Naomi Klein über die Klimakrise: „Beginn der Ära der Klimabarbarei“
Was kann man tun, um den Klimawandel zu stoppen? Nichts, sagt die Autorin Naomi Klein. In ihrem neuen Buch sucht sie dennoch nach Lösungen.
taz: Frau Klein, warum veröffentlichen Sie dieses Buch gerade jetzt?
Naomi Klein: Die Art und Weise, wie wir über den Klimawandel sprechen, ist oft zu kleinteilig und zu ignorant gegenüber den anderen Krisen, mit denen wir konfrontiert sind. Das große Thema, das sich durch dieses Buch zieht, ist der Zusammenhang zwischen der wachsenden Krise der white supremacy, den verschiedenen Formen des Nationalismus, der Tatsache, dass so viele Menschen aus ihren Heimatländern vertrieben werden, und dem Krieg, der um unsere Aufmerksamkeitsspanne geführt wird. Diese Krisen überschneiden sich und sind miteinander verbunden. Und so müssten auch die Lösungen sein.
Das Buch versammelt Essays aus den letzten zehn Jahren. Denken Sie heute über manche Fragen anders?
Ich denke heute, dass ich der Herausforderung des Klimawandels für die Linke nicht genug Nachdruck verliehen habe. Es ist offensichtlicher, wie die Klimakrise eine rechtsgerichtete Weltanschauung und den Kult des Zentrismus herausfordert, der nie etwas Großes verändern will, sondern immer versucht, sich auf halbem Wege entgegenzukommen. Aber eine linke Weltanschauung, die im Wesentlichen nur daran interessiert ist, die Verheerungen des Extraktivismus, also des Prozesses der Entnahme natürlicher Ressourcen aus der Erde, anders zu verteilen, wird auch neu gefordert, da sie die realen Grenzen unseres endlosen Konsums bisher genauso wenig in ihre Rechnung einbezieht.

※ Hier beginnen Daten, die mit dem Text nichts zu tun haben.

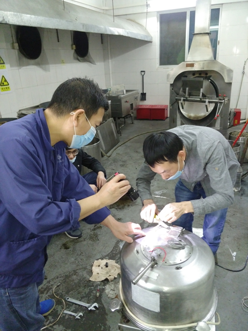 4月11日星期六,因疫情影響而停工三個多月的從化星珠黑油車間復工,早上炒藥機炒完第一鍋艾葉炭后,突發(fā)故障,設備溫度顯示異常,打不著火,經現場維修工檢修后仍然不能排除故障,生產陷入停頓。上午11點14分,設備工程部機修車間接到故障通報,故障就是命令,機修車間馬上安排人員趕往從化星珠檢修。

Was hält die Linke davon ab, diese Herausforderung anzunehmen?
Im nordamerikanischen Kontext ist es das größte Tabu, zuzugeben, dass es tatsächlich Grenzen geben wird. Das trifft den amerikanischen Traum mitten ins Herz. Jede Generation soll mehr bekommen als die vorangegangene, es gibt immer eine neue Grenze, die man erobern kann – das ist die Grundidee von Kolonialnationen, von Siedlernationen wie der unseren. Wenn nun jemand kommt und sagt, dass es Grenzen gibt, die nicht zu verändern sind, dass wir einige schwierige Entscheidungen treffen müssen, wie wir mit dem, was noch übrig ist, umgehen, dass wir gerecht teilen müssen – nun, das wird psychologisch als eine Attacke empfunden.
Das wollte die Linke vermeiden: Nein, wir werden euch eure Sachen nicht wegnehmen, es wird auch viele Vorteile geben. Und es stimmt ja: Wir werden lebenswertere Städte haben, die Luft wird weniger verschmutzt sein, wir werden weniger Zeit im Verkehrsstau verbringen, wir können ein glücklicheres und reicheres Leben gestalten. Aber wir werden verzichten müssen auf unseren endlosen Wegwerfkonsum. Was mich wirklich erschreckt, ist das, was an unseren Grenzen in Europa, Nordamerika und Australien passiert.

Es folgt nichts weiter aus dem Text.